*** Opening of DATA FOR ANALYSIS ***

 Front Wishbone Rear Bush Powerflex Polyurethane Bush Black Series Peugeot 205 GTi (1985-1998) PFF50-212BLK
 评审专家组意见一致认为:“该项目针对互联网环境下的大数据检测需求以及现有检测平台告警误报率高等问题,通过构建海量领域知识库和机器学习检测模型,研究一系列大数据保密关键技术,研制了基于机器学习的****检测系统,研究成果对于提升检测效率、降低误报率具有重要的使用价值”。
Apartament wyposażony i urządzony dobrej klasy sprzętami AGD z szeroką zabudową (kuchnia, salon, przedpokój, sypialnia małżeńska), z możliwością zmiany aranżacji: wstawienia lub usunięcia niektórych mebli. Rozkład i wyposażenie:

*** Close of DATA FOR ANALYSIS ***
*** Opening of DATA FOR ANALYSIS ***

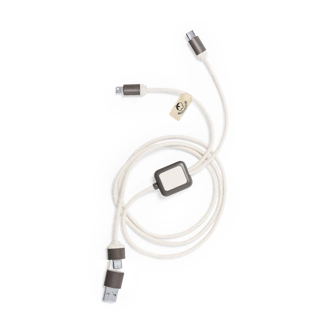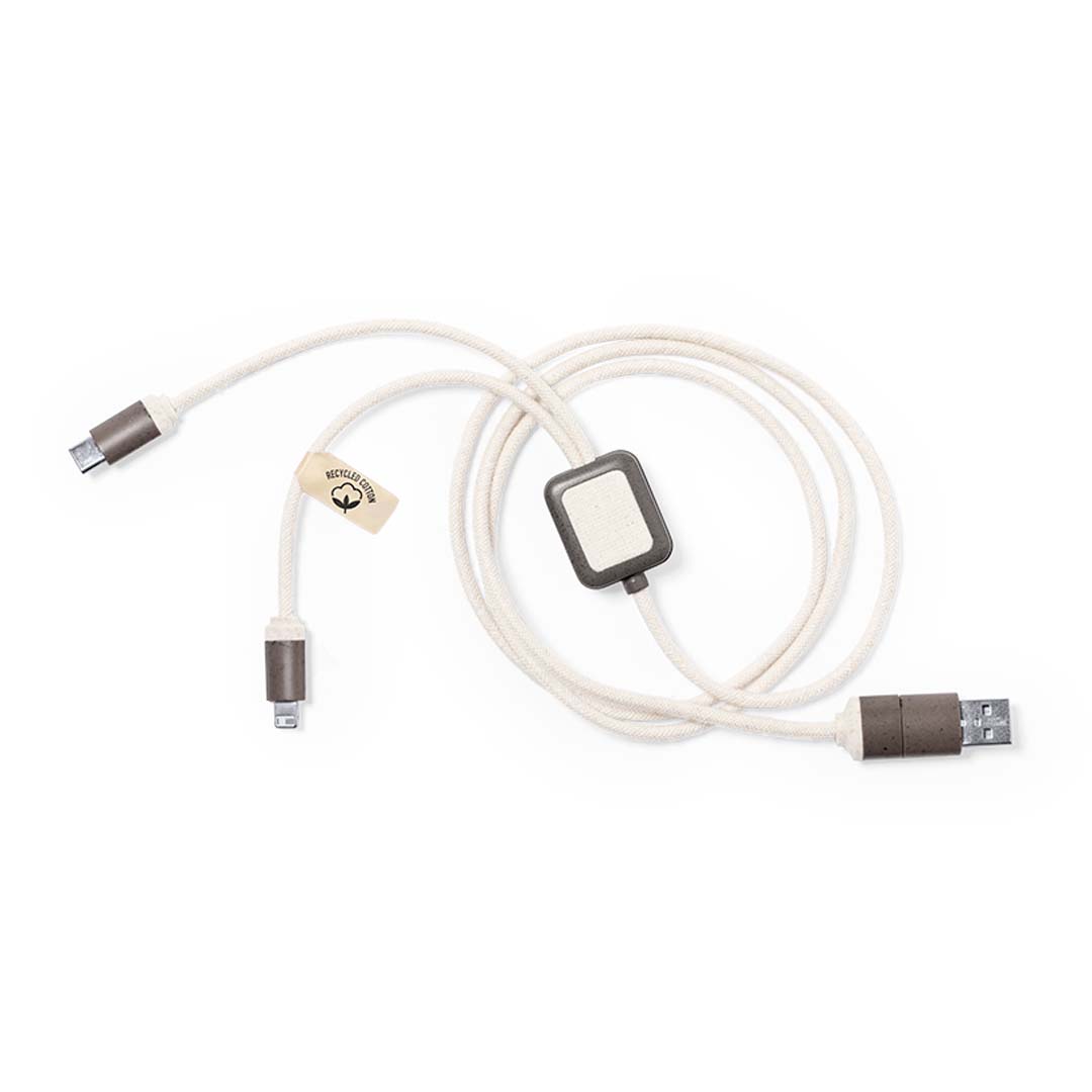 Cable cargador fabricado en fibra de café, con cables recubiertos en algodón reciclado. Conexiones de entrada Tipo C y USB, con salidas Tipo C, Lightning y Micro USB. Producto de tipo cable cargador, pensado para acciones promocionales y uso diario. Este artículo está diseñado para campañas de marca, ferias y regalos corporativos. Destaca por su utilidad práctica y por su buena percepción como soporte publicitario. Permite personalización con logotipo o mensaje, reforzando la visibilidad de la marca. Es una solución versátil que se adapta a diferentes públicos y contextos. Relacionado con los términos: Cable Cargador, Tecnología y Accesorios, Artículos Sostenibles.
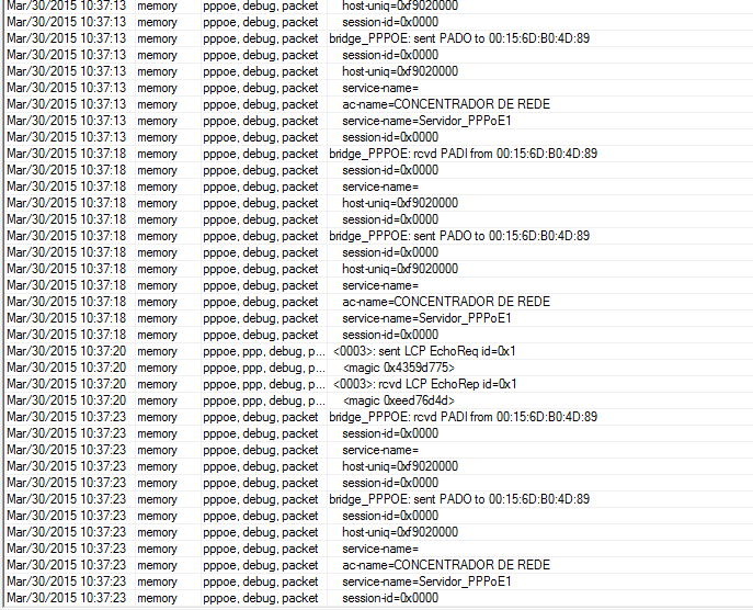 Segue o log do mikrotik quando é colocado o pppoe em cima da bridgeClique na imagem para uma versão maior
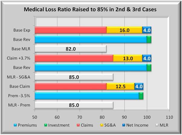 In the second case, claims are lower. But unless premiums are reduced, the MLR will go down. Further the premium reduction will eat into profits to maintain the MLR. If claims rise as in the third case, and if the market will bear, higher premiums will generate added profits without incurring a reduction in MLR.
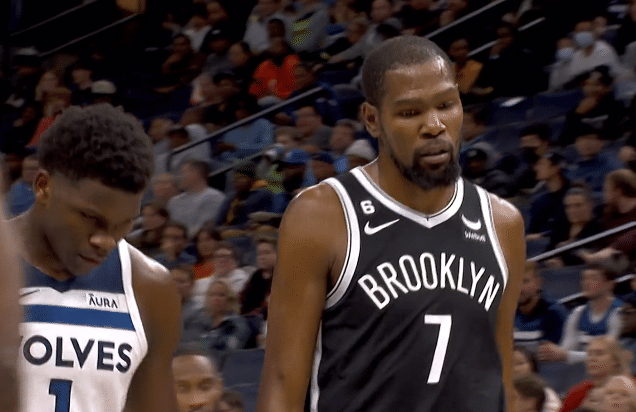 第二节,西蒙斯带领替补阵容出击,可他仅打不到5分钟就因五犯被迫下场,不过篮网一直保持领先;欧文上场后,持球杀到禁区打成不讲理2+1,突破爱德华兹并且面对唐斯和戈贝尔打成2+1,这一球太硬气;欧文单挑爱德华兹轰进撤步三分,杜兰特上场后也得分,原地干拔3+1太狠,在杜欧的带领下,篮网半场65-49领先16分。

*** Close of DATA FOR ANALYSIS ***

Starting at the line above that holds "Cable cargador fabricado", return each line up to and including the one that holds "第二节,西蒙斯带领替补阵容出", exactly as written, minus any pictures.

 Cable cargador fabricado en fibra de café, con cables recubiertos en algodón reciclado. Conexiones de entrada Tipo C y USB, con salidas Tipo C, Lightning y Micro USB. Producto de tipo cable cargador, pensado para acciones promocionales y uso diario. Este artículo está diseñado para campañas de marca, ferias y regalos corporativos. Destaca por su utilidad práctica y por su buena percepción como soporte publicitario. Permite personalización con logotipo o mensaje, reforzando la visibilidad de la marca. Es una solución versátil que se adapta a diferentes públicos y contextos. Relacionado con los términos: Cable Cargador, Tecnología y Accesorios, Artículos Sostenibles.
 Segue o log do mikrotik quando é colocado o pppoe em cima da bridgeClique na imagem para uma versão maior
 In the second case, claims are lower. But unless premiums are reduced, the MLR will go down. Further the premium reduction will eat into profits to maintain the MLR. If claims rise as in the third case, and if the market will bear, higher premiums will generate added profits without incurring a reduction in MLR.
 第二节,西蒙斯带领替补阵容出击,可他仅打不到5分钟就因五犯被迫下场,不过篮网一直保持领先;欧文上场后,持球杀到禁区打成不讲理2+1,突破爱德华兹并且面对唐斯和戈贝尔打成2+1,这一球太硬气;欧文单挑爱德华兹轰进撤步三分,杜兰特上场后也得分,原地干拔3+1太狠,在杜欧的带领下,篮网半场65-49领先16分。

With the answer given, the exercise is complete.